Starting at the first line of the data, print each line verbatim up to and including the line bearing "Zábavná autodráha CARRERA", omitting pictures.

===== DATA FOR REVIEW

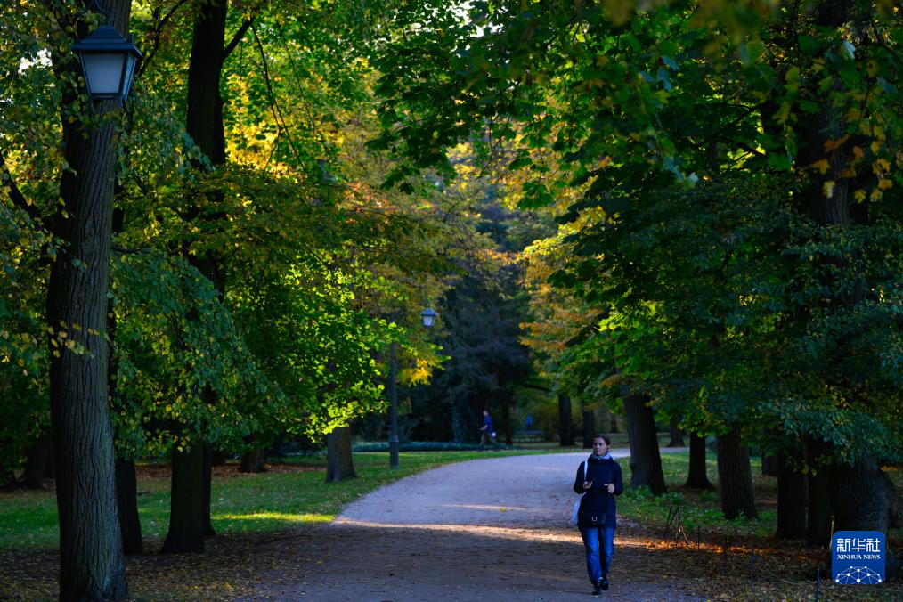 10月16日,一名女子在波兰首都华沙的瓦津基公园内散步。
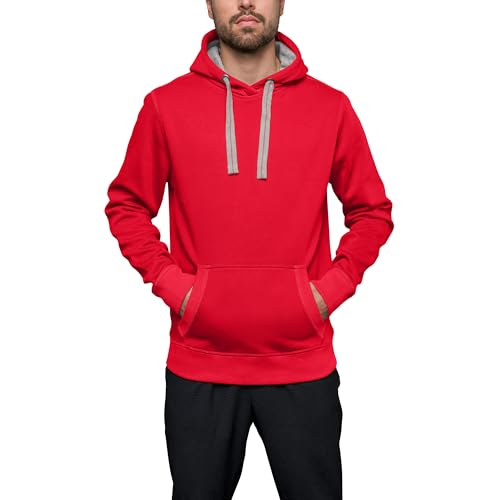 HRM Unisex huvtröja I Premium huvtröja för kvinnor och män med kontrasterande foder I Basic Hoodie Unisex I Dam- och Herrtröja I Högkvalitativa och hållbara kläder, HALLON, 4XL
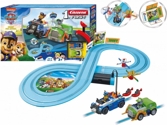 Zábavná autodráha CARRERA FIRST s motívom Tlapková patrola prináša deťom od 3 rokov prvé pretekárske zážitky. Súčasťou sú autá Chase a Rocky, jednoduché ovládače, točiace sa vrtule pre väčšie napätie a dráha dlhá 2,4 m. Napájanie na batérie zabezpečuje jednoduché použitie kdekoľvek a jednoduchá montáž so systémom svoriek poteší rodičov.
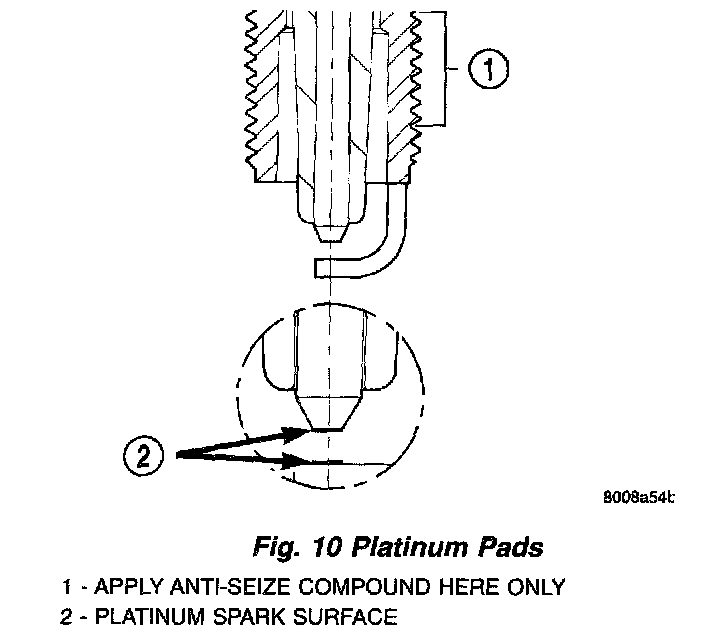 When the spark plugs use a single or double platinum tips and they have a recommended service life of 100,000 miles for normal driving conditions per schedule A in this manual. The spark plugs have a recommended service life of 75,000 miles for severe driving conditions per schedule B in this manual. A thin platinum pad is welded to both or center electrode end(s). Extreme care must be used to prevent spark plug cross threading, misgaping and ceramic insulator damage during plug removal and installation.
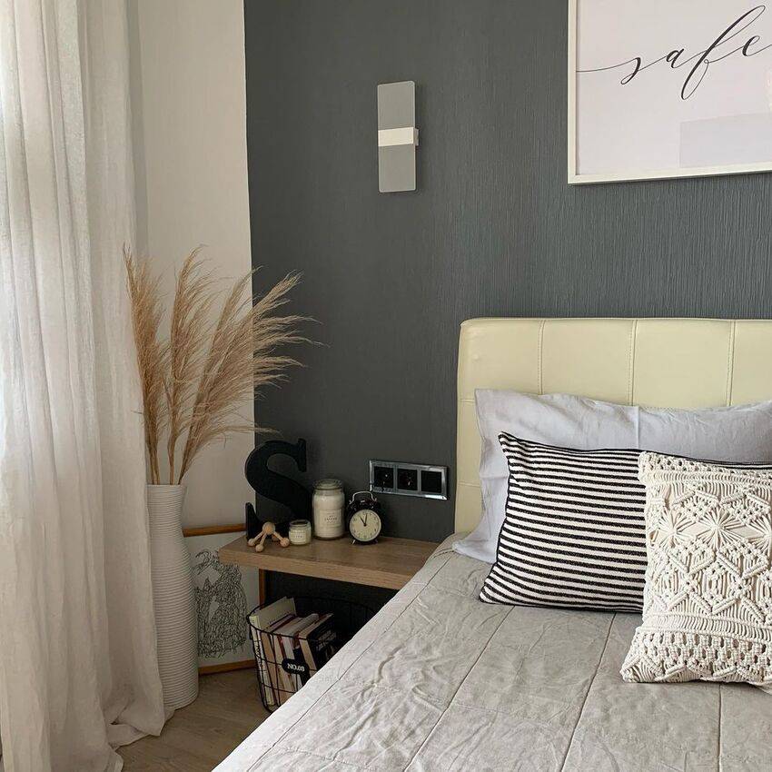 Серый цвет – универсальное решение для тех, кто любит яркие эксперименты. Все дело в том, что данный цвет служит прекрасным фоном для насыщенных оттенков. Например, он прекрасно сочетается с голубым и розовым, желтым и синим цветом. Кроме того, на его фоне легко выделить красочные живые растения, белоснежную кровать и оригинальные светильники.
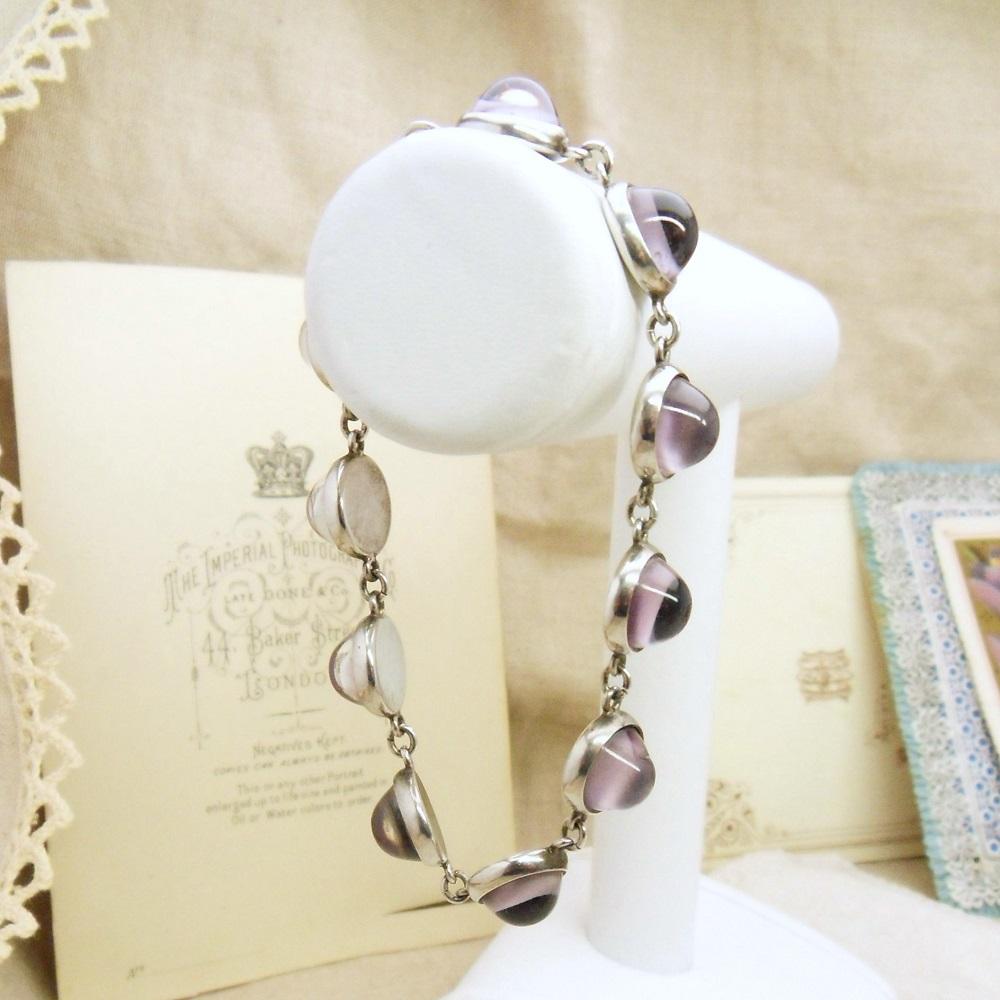 Vintage Swedish Silver Purple Cabochon Bracelet Dated 1956
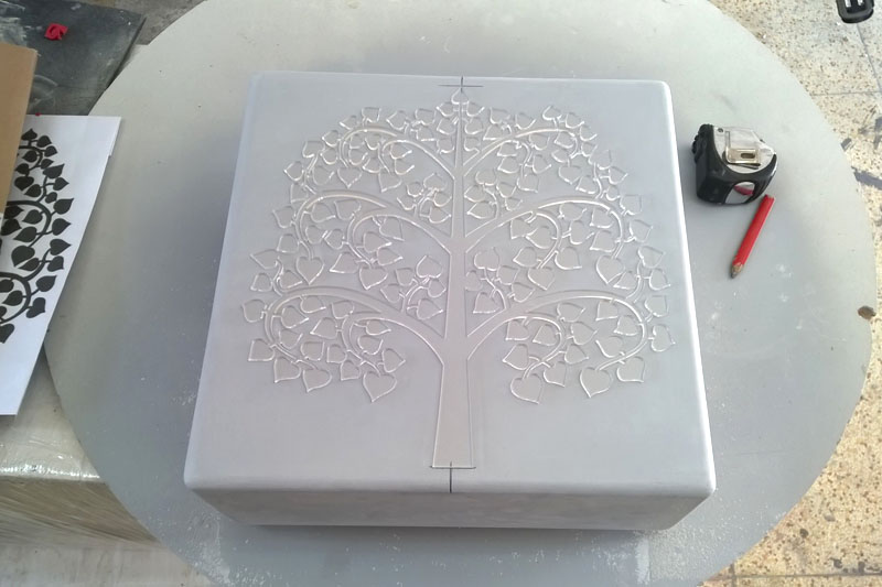 Výroba stínidel s motivem stromu štěstí a plastickým písmem, včetně pozlacené varianty.
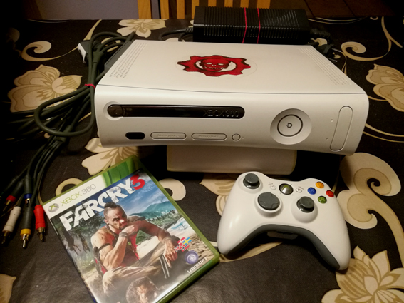 Xbox 360 org. johdoilla (ei mukana hdmi piuhaa, jolla kuvan laatu olisi terävämpi) + Far cry 3 peli H.60e (kuvan tavarat) Pelikortit -80-luvulta :
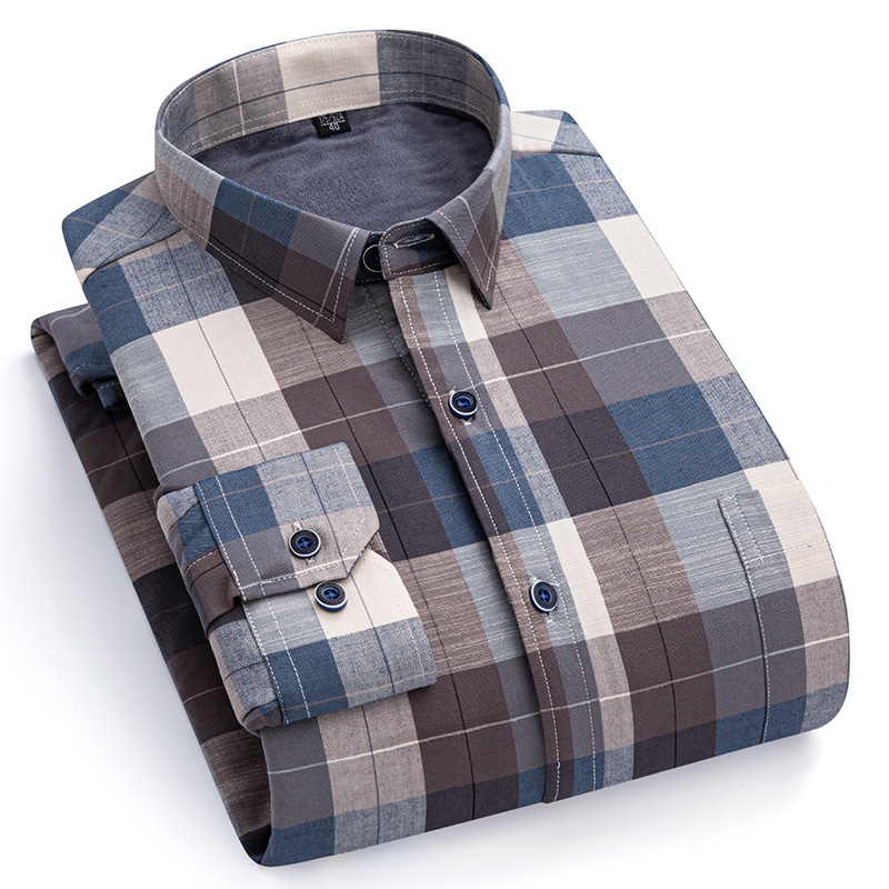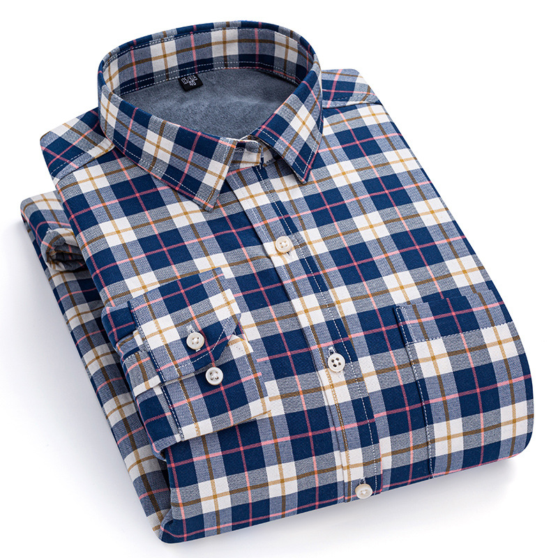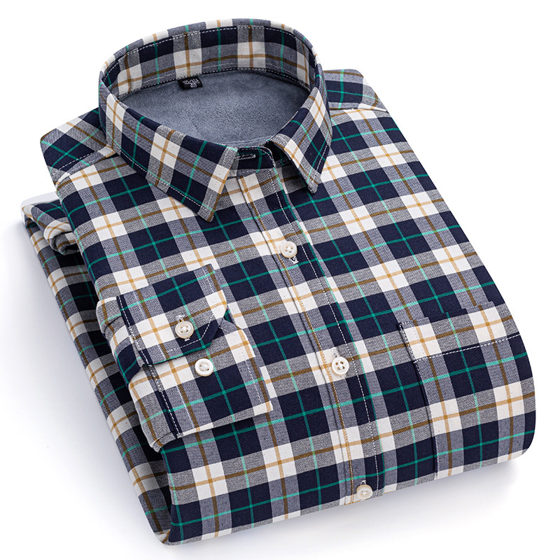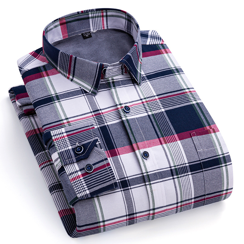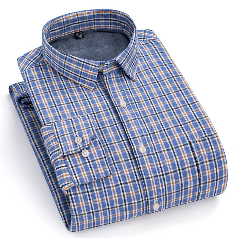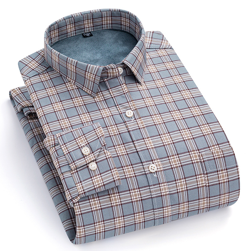 대외 무역 국경 남자 겨울 따뜻한 기모 셔츠 남자 캐주얼 격자 무늬 플러스 사이즈 옥스포드 면 두꺼운 셔츠

==========

▸ **RESPONSE TO THIS TASK**:
 10月16日,一名女子在波兰首都华沙的瓦津基公园内散步。
 HRM Unisex huvtröja I Premium huvtröja för kvinnor och män med kontrasterande foder I Basic Hoodie Unisex I Dam- och Herrtröja I Högkvalitativa och hållbara kläder, HALLON, 4XL
 Zábavná autodráha CARRERA FIRST s motívom Tlapková patrola prináša deťom od 3 rokov prvé pretekárske zážitky. Súčasťou sú autá Chase a Rocky, jednoduché ovládače, točiace sa vrtule pre väčšie napätie a dráha dlhá 2,4 m. Napájanie na batérie zabezpečuje jednoduché použitie kdekoľvek a jednoduchá montáž so systémom svoriek poteší rodičov.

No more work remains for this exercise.